2 commentaires sur “L’arrivée de l’agile à OCTO 1/6 : Christophe Thibault”

  • Merci pour cet interview très intéressante. La phrase "Je crois au consensus et pas au compromis." n'est pas très claire pour moi. Est-il possible de préciser ?
  • Oui. Un consensus est constitué par l'accord de tous sur une solution, sans qu'il soit nécessaire de voter, c'est à dire en vertu de la qualité de la solution et de la volonté de tous de créer un produit remarquable. Un compromis consiste à prendre un peu d'éléments de part et d'autres de l'ensemble des solutions possibles afin d'essayer de contenter tout le monde, et ce au détriment de l'intégrité du produit.
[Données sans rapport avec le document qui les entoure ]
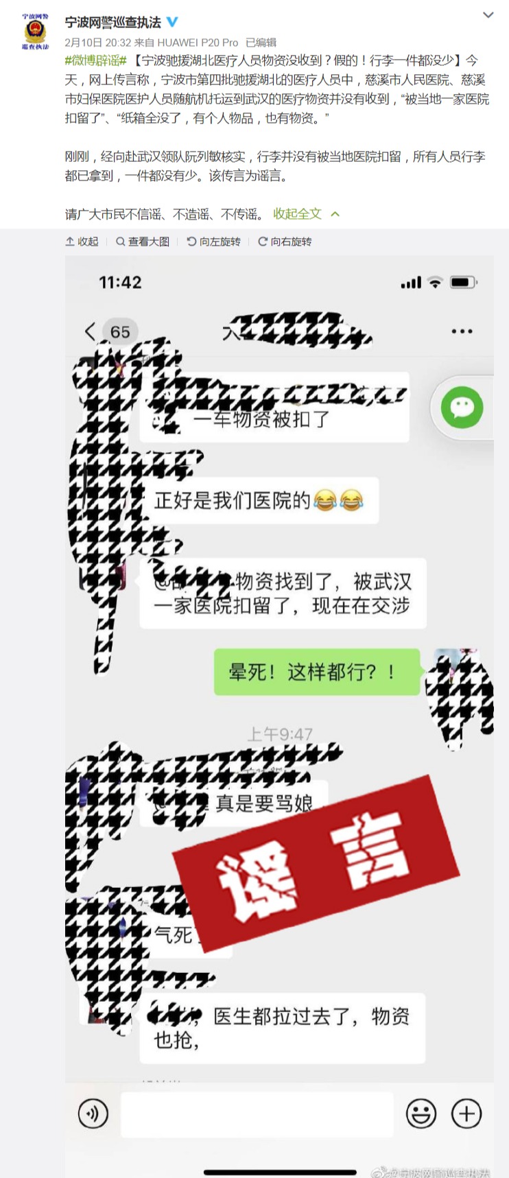 中新网2月11日电 10日,网上传言称,宁波市第四批驰援湖北的医疗人员中,慈溪市人民医院、慈溪市妇保医院医护人员随航机托运到武汉的医疗物资并没有收到,“被当地一家医院扣留了”、“纸箱全没了,有个人物品,也有物资。”

Je pense qu'une équipe devrait rechercher le consensus, et non le compromis. C'est à dire que l'idée finalement choisie par l'équipe ne devrait pas être altérée simplement parce que l'équipe n'arrivait pas à s'accorder. Par exemple: une partie de l'équipe pense qu'il faut écrire des Tests Unitaires, y.c là où c'est difficile à faire (et a fortiori pour cette raison). Une autre partie de l'équipe juge que c'est une perte de temps. Une équipe dans le consensus trouverait un moyen de résoudre la difficulté et ainsi améliorer son standard. Une équipe dans le compromis dirait : certains pourront en écrire, d'autres pourront ne pas en écrire, créant ainsi un double standard.